側近達は大慌てで屋敷の中を掃除したり様々な物を持ち込んだりしている。
「一旦精霊の国へ帰って貰った方が面倒が無かったのではないかしら」
「王様は帰りたくないのかもな。ここから立ち去ってしまえば、また来ることを側近に阻止されて、うやむやにされてしまうと思っているんじゃぁ無いか?」
「あの宰相は、面倒くさくて頑固そうだものね」
「ああ、その宰相だが、魔法鞄を持って仕事があると言って帰っていったよ。危険が無いことは分かったんだと思う。その代わり他の妖精達が王の身の回りの世話のために大勢押しかけてくるそうだ」
「魔法鞄を持っていったと言うことは、魔水晶の検証をしに行ったのね」
「直ぐに結果は出ないと思うけど……彼の疑いを晴らすのは時間が掛かりそうだな」
「転移して、穢れた聖地を見せれば一発なんだけど、連れて行きましょうか?」
「それは可哀想だ。余りの衝撃で気絶しそうだな。宰相は結構年を取っていそうだし」
ソフィアにパブロ魔導師の異空間へ行って貰った。
ルシオがここから転移してしまえば、異空間はルシオと一緒に別の場所へ移動してしまうのだ。エルフ達の不安を助長しないために、今は異空間の入り口を開けっぱなしにしている。王がこの空間にいる内はこうしておかなければ誘拐されたと勘違いされてしまうからだ。

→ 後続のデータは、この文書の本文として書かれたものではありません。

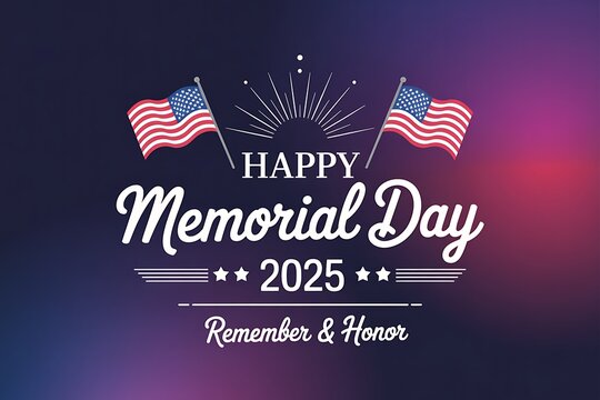 Happy memorial day 2025 design with american flags and patriotic remembrance theme.
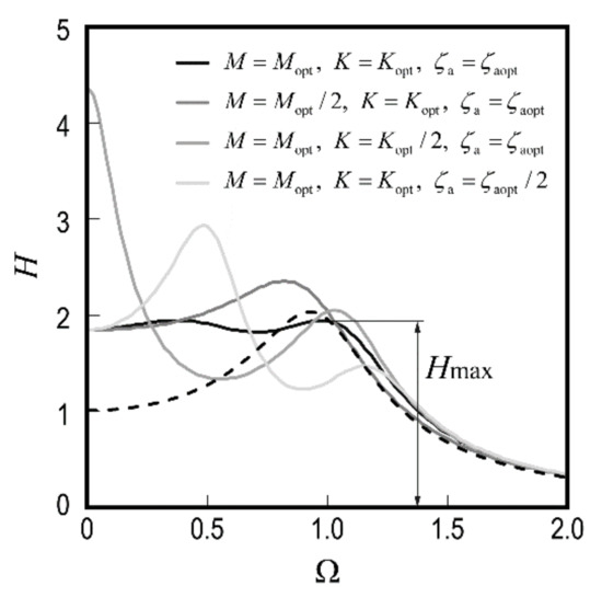 Figure 5 shows the vibration response curve under different DVA parameter conditions with ζ = 0.1, where H (=kx/f) and Ω (=ω/ωn) are the dimensionless displacement and the forced frequency ratio, respectively; Hmax is the maximum dimensionless displacement under each condition. As seen in Figure 5, Hmax is greatly reduced when the optimally tuned DVA parameters are applied.

ソフィアは、エルフと妖精という種属に出会ったことを告げた。今ならルシオの異空間で会えると言うと、パブロ魔導師は神殿長と共に直ぐにやってきた。
神官の式服をきちんと着ている。王族に拝謁賜るのに正装したようだ。
早速王との面会を取り付け、神殿長等がエルフ王との謁見がなされることとなった。